Yet this doesn’t actually terminate the connection, but it still gives an error. I’ve had this problem with Windows FTPS earlier, and even fixed it (ie, broken exception handling) for Python FTPS to get it working. Ref: Sami Lehtinen - Python 3.2 MS FTPS/SSL/TLS lockup & fix

But to be honest. This really doesn’t matter, really absolutely meaningless issue, compared to the data corruption issues. It’s technically cosmetical error that two connections are being used, when one would be sufficient. I admit it, tidy people are annyoing, messy world works too. :wink:

Sure the lingering connection is actually closed when Duplicati finally exists, now when I tested with smaller sets. Most of my backups runs for several hours and because I have only 60 minutes idle timeout, I saw lots of timeout errors in logs. Which I assumed to be caused by left over sockets. But it seems that assumption wasn’t completely accurate. Now when I tested with minimal test setup, I found out that it’s just unnecessary open connection “while” the backup runs.

Yet, I’m not completely sure, if that conclusion is true either. Because I’m quite sure I’ve seen those connections lingering on the server even if the backup dlist is present after clean restart and verify won’t take that long. So there might be some situation which does cause the session to be left over even after the backup has completed. - From the session IDs I see that it’s the first session I’m talking about.

This only apply to upload of data (dblock) buffers, not to all operations for a given backup.

I think that what you see may be a bug nonetheless.
This I can reproduce and it seems to come during the PreBackupVerify call at the beginning of the backup process, this is doing a list of the files in the backend directory (in your case /) and it is just calling the List() function in the backend.
However the results are held in a local variable (tp) in the VerifyRemoteList function of the BackupHandler.cs module, but this variable is not explicitly freed when the function exits. That could be the reason the FTP session is only cleared when the backup end (and the whole process exits).

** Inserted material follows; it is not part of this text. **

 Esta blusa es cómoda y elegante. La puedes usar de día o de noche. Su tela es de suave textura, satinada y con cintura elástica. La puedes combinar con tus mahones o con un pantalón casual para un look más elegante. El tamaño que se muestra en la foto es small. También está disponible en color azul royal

I admit that I will not lose sleep over the idea of having this bug in Duplicati though.

Edit: on second thought, the idea is basically correct but the problem is not is as simple as a forgotten free in VerifyRemoteList. It’s probably more than each uploaded file is run in its own task, while the prebackup verify is run in the main task.

I’m pretty confused by all the confusion, but FWIW on Wireshark using aftp (now that I know it’s used), testing with a small file, the initial MLST finished just fine when reassembled, but not so fine on Filezilla, where log started other actions before the QUIT after MLST. That seems to be after the backup finished which was about 4 seconds in my test, and probably long enough to time out in large backup described.

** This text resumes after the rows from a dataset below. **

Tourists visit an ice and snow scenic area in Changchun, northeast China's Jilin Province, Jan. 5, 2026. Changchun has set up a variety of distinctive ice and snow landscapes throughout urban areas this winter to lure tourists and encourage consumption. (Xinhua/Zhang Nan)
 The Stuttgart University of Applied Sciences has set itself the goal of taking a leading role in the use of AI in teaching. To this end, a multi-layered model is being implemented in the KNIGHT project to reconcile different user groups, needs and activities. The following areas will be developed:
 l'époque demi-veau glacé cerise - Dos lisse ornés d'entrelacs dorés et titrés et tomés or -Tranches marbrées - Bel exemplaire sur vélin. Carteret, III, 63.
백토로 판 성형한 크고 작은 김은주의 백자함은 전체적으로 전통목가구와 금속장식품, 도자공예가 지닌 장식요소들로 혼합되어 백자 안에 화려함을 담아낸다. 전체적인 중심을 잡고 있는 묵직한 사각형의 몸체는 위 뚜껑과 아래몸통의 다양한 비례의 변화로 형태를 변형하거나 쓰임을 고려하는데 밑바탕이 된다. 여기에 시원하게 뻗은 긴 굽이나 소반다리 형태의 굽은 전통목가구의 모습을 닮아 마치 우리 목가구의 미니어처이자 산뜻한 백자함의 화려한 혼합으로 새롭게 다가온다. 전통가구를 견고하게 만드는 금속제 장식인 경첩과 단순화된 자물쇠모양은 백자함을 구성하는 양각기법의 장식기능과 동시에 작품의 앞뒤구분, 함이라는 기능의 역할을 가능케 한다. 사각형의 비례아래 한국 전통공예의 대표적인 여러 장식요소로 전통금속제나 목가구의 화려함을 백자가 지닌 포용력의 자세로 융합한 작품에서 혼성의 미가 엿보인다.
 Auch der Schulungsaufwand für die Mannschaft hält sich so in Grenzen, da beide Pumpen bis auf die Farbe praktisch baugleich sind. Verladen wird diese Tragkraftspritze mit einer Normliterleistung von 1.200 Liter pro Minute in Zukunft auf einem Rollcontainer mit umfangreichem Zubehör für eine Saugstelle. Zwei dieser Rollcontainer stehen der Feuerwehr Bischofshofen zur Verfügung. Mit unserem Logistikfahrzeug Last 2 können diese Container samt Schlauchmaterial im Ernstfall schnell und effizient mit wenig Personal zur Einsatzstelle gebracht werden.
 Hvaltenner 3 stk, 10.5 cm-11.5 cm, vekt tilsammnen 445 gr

I did see my dblock and dindex STOR in the same connection, and now I’m wondering about interaction with asynchronous-concurrent-upload-limit at default setting of 4. Wouldn’t want to avoid concurrency…

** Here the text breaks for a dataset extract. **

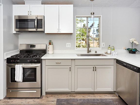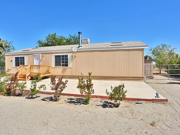 Beautifully updated and modernized 3 bedroom 2 bath manufactured home in Pinon Hills. This home welcomes you in with a large front concrete patio that enjoys beautiful views of the San Gabriel Mountains to the south. The home has a new roof and on the inside it been renovated with new interior paint, new high end Lifeproof laminate wood flooring, new hand troweled textured ceilings (no more acoustic), a completely brand new kitchen with both gray and white cabinetry, white quartz countertops and stainless steel appliances, and new carpet, lighting and plumbing fixtures throughout. In addition to central heat the wood pellet stove is the perfect clean solution to create a cozy environment and to warm the home in cooler months and the evaporative cooler keeps the home cool in the summer. The back of the property is completely fenced providing a ton of space to enjoy and entertain. There are 2 storage sheds in the backyard and a massive 10X40 container that is included with the property too. Finally, this home is located in the desired Snow Line School District and zoned for horses. Make sure to add this home to your list today!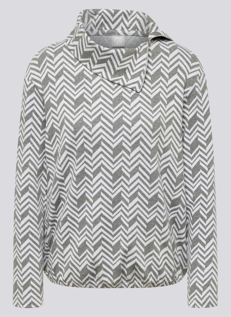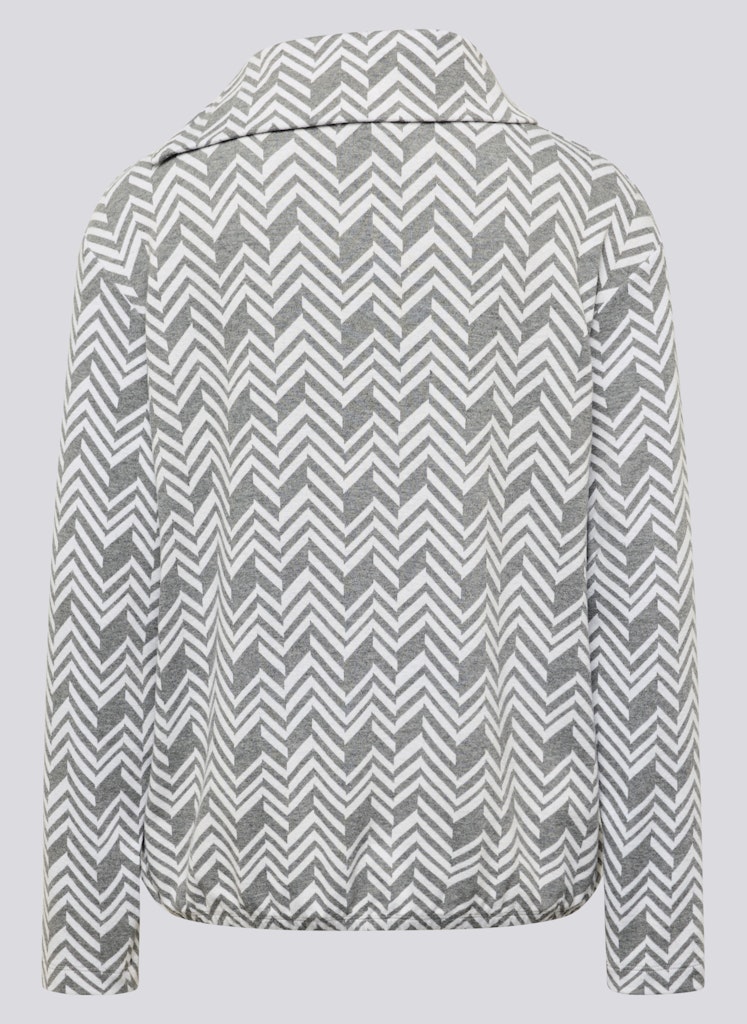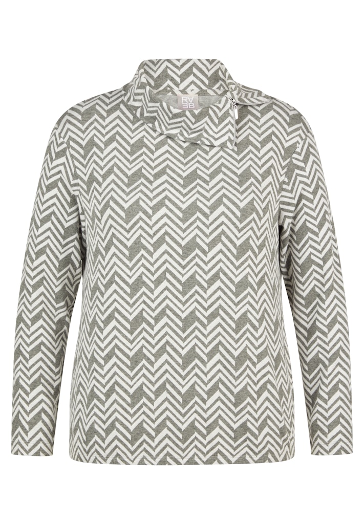 Das sportive Sweatshirt überzeugt mit einem markanten Allover-Fischgrätmuster in gedeckten Farben. Der hohe Kragen mit schrägem Reißverschluss verleiht dem Design eine moderne Note, während die leicht elastische Qualität für hohen Tragekomfort sorgt. Ein Tunnelzug im Saum erlaubt die individuelle Weitenregulierung. Angeschnittener Reißverschlusskragen. Grafisches Allover-Fischgrätmuster. Tunnelzug mit Stopper im Saum. Elastische Sweatqualität. Pflegeleicht und bequem.

When performing asynchronous uploads, the maximum number of concurrent uploads allowed.

You can actually see what I think is the QUIT from first MLST way down at the end of the Filezilla log as

(000030)7/19/2023 10:42:31 AM - duplicati (::1)> RETR
(000030)7/19/2023 10:42:31 AM - duplicati (::1)> 150 Opening data channel for file download from server of "/"
(000030)7/19/2023 10:42:31 AM - duplicati (::1)> 226 Successfully transferred "/"
(000030)7/19/2023 10:42:31 AM - duplicati (::1)> disconnected.
(000024)7/19/2023 10:42:32 AM - duplicati (::1)> QUIT
(000024)7/19/2023 10:42:32 AM - duplicati (::1)> 221 Goodbye
(000024)7/19/2023 10:42:32 AM - duplicati (::1)> disconnected.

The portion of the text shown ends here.